TASK BRIEF: Could you transcribe exactly the lines from the one containing "最近の伊豆・熱海の旅館やホテ" through the last line of the records below, leaving out the pictures?

DATASET:
-=-=-=-=-

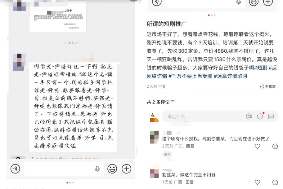 在此类骗局中,从业者们或是宣称自己掌握着独家的推流技巧、内部渠道资源;或是与各大短剧制作方、分发平台有着深度合作关系,能够为推广者提供稳定的素材来源和高效的推广策略,保证短时间内就能实现高额收益;抑或是展示不少成功案例,比如某个新手推广者在短时间内通过他们的指导赚取了数万元,甚至晒出一些转账记录、收益截图,以此来增强可信度……种种手段,可谓精准狙击学员们那颗想走捷径的心。
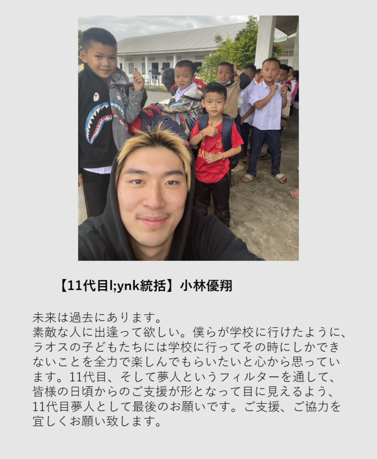 こんにちは! 学生団体「夢人-yumenchu-」です!! 夢人は、東南アジアの<ラオス人民民主共和国>における国際教育支援団体です。 2011年10月に「何か大きなことがしたい」という熱い想いによって結成され、現在、首都圏の学生を中心とする約150人のメンバーによって構成されています。
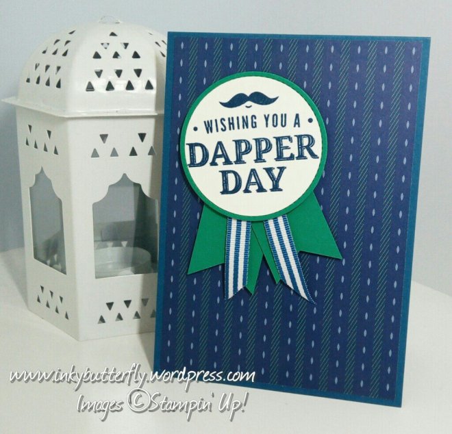 Emerald Envy card stock and Dapper Denim striped grosgrain ribbon was used to make the rosette tails.
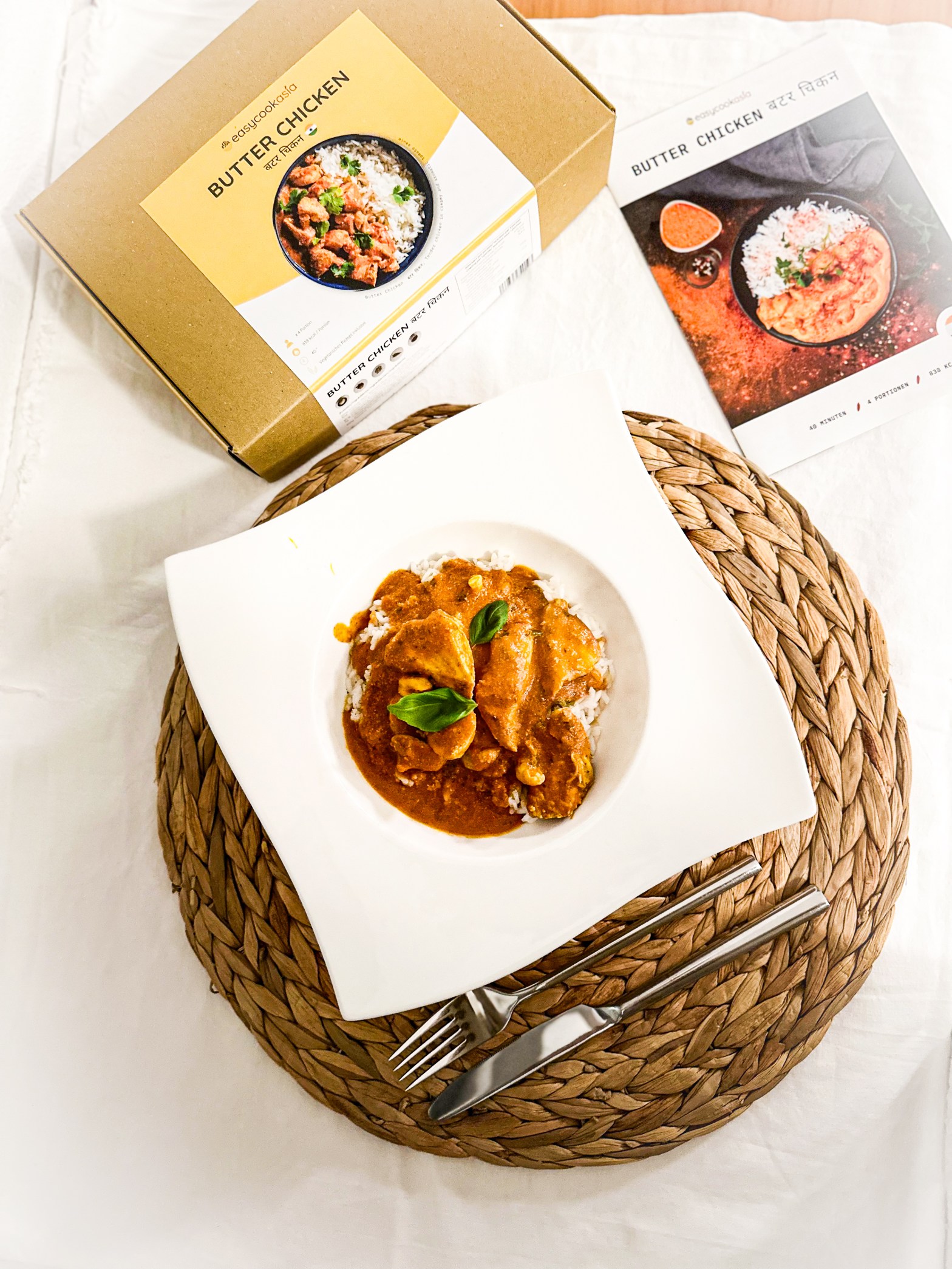 Es sind saftige Stücke Hühnchen ummantelt von einem Mix aus Jogurt, Koriander und Chili Pulver für den extra Kick. Es wird in einer aromatischen, sämig-dicken Sauce aus Tomaten, Zwiebeln und einer Gewürzmischung gekocht. Die Sauce wird püriert und mit Butter und Creme Fresh angereichert, so dass sie ihr cremig-buttriges Aroma erhält. Als i-Tüpfelchen wird es noch mit einer kleinen Menge von Bockshornklee bestreut.
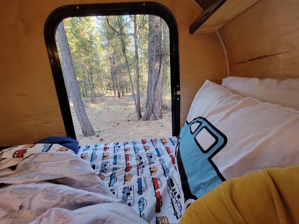 We can use this trailer in many ways. It’s got most of what we need to get out and camp and explore comfortably. We have shore power if we want it, a sink, a comfortable warm bed, lighting, shelving, doors that lock, screens for fresh air, a fantastic fan, and storage. The trailer has just enough of what we need to function well.
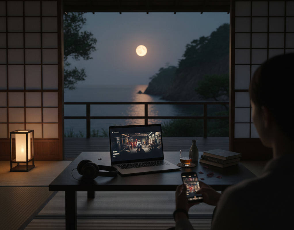 最近の伊豆・熱海の旅館やホテルは、静かな環境でWi-Fiを楽しめる場所が増えました。温泉で火照った体を冷ましながら、お部屋で動画の世界に没入するのは、現代の「お座敷遊び」と言えるかもしれません。
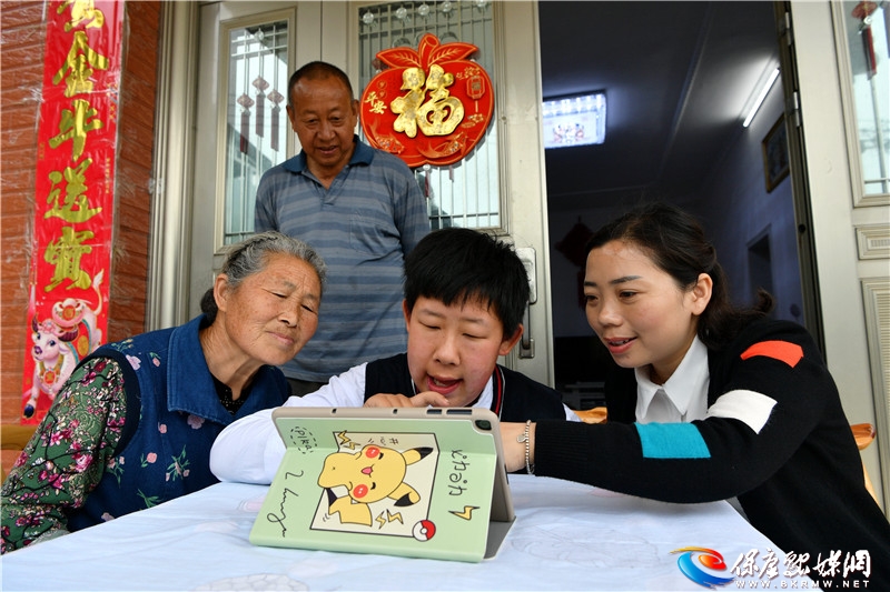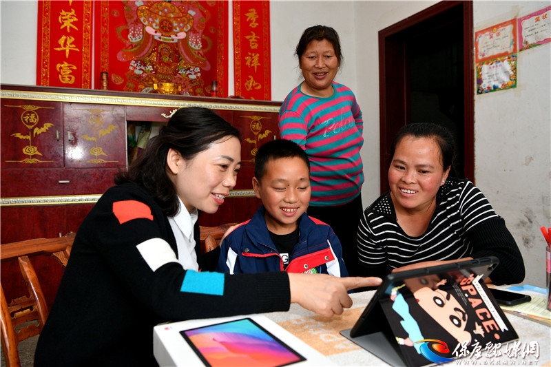 5月13日,笔者在马良镇八斗坪村看到,县特殊教育学校教师正在指导一名肢体障碍儿童使用平板电脑上网络直播课。
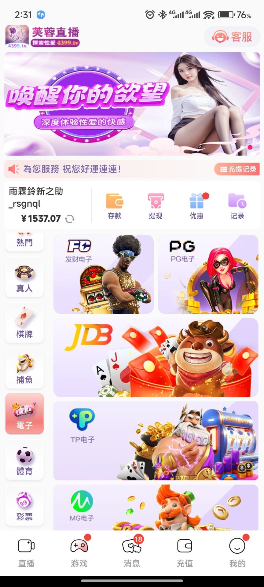 接到电话送了10,没想到没黑还给提了。4399.tv

-=-=-=-=-

EXERCISE RESPONSE:
 最近の伊豆・熱海の旅館やホテルは、静かな環境でWi-Fiを楽しめる場所が増えました。温泉で火照った体を冷ましながら、お部屋で動画の世界に没入するのは、現代の「お座敷遊び」と言えるかもしれません。
 5月13日,笔者在马良镇八斗坪村看到,县特殊教育学校教师正在指导一名肢体障碍儿童使用平板电脑上网络直播课。
 接到电话送了10,没想到没黑还给提了。4399.tv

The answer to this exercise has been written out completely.